Understanding the prevalence and associated risk factors is essential for developing effective prevention strategies aimed at reducing LBP incidence or, when necessary, implementing appropriate treatment measures. Such initiatives would contribute to improving both the quality and efficiency of tasks performed by LNDVF personnel.
A key limitation of this study is that only one of the six national defense teams participated in the survey. Consequently, the findings may not fully reflect the overall prevalence and risk factors of LBP across the Lithuanian National Defense Forces. To obtain more comprehensive and generalizable results, future studies should include participants from all national defense teams. A broader sample would allow for a more accurate assessment of LBP prevalence and its associated risk factors across the entire forces. While stress was considered in this study, we acknowledge the limitation in the depth of psychological analysis. Future studies should incorporate a broader range of psychological variables (e.g., depression, anxiety, occupational burnout) and explore mediating pathways between mental health and pain development. This may also enable the use of more sophisticated statistical models, including interaction terms and mediation analysis, to better capture complex risk interrelationships.

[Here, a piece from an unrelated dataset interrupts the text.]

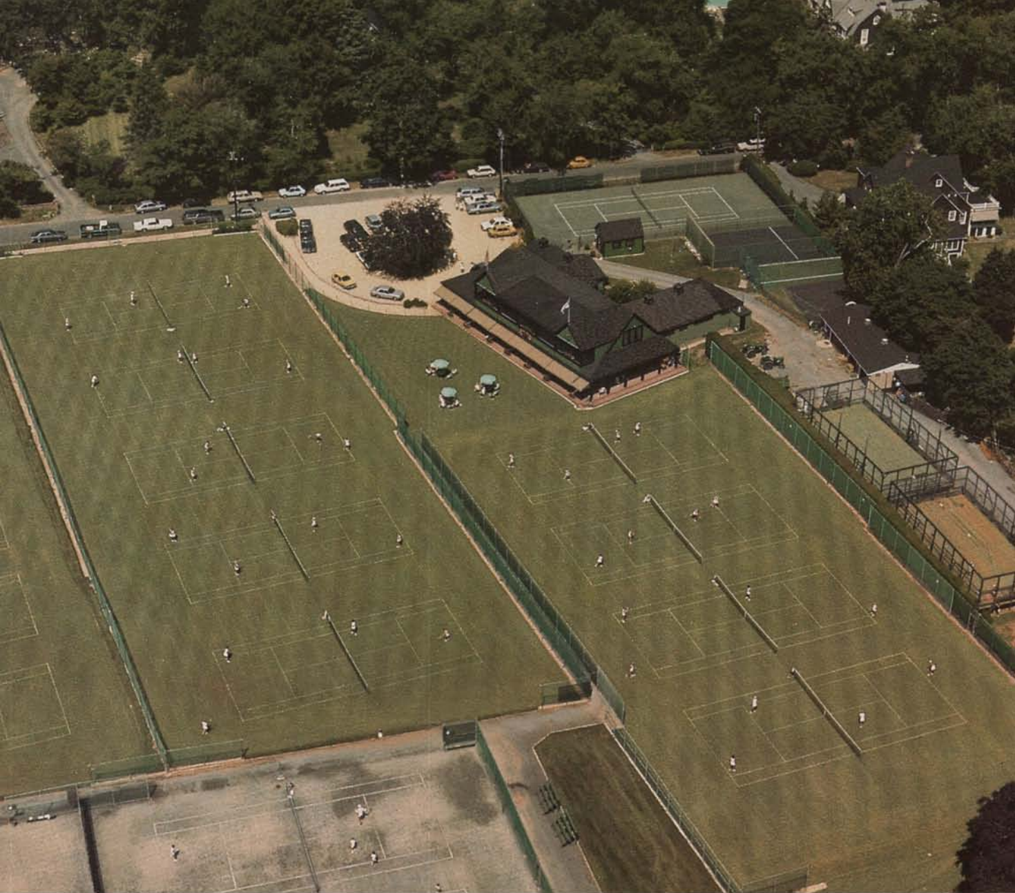
Seabright Lawn Tennis Club offers its membership a variety of tennis court surfaces, including all-weather, clay and bentgrass.

Targeted interventions, including tailored exercise programs, stress management strategies, and smoking cessation initiatives, should be prioritized to mitigate LBP risk among military personnel. However, current evidence remains insufficient to provide clear guidance for military organizations and healthcare professionals in making informed treatment decisions for managing musculoskeletal pain in active-duty personnel [30]. Therefore, longitudinal studies are recommended to evaluate the effectiveness of these interventions and to explore the role of early detection and rehabilitation programs in reducing the burden of LBP within military settings.
Conclusions
More than four-fifths of Lithuanian National Defense Volunteer Forces personnel have experienced low back pain (LBP) at least once in their lifetime and within the past 12 months, with nearly half reporting LBP at the time of the survey. Identified risk factors for LBP include female sex, older age, lack of a partner, previous back injuries, elevated stress levels, smoking, self-reported poor health, and higher body mass index. LBP significantly affects military readiness, impairing the ability to perform service tasks in approximately two-thirds of affected soldiers. Additionally, nearly one-third of personnel reported missing at least one day of service due to LBP in the past year.
Further research should focus on developing targeted prevention and intervention strategies to address these risk factors among military personnel. Longitudinal studies assessing the effectiveness of such interventions, along with the impact of early detection and rehabilitation programs, are necessary to reduce the prevalence of LBP and mitigate its consequences on military performance and overall health.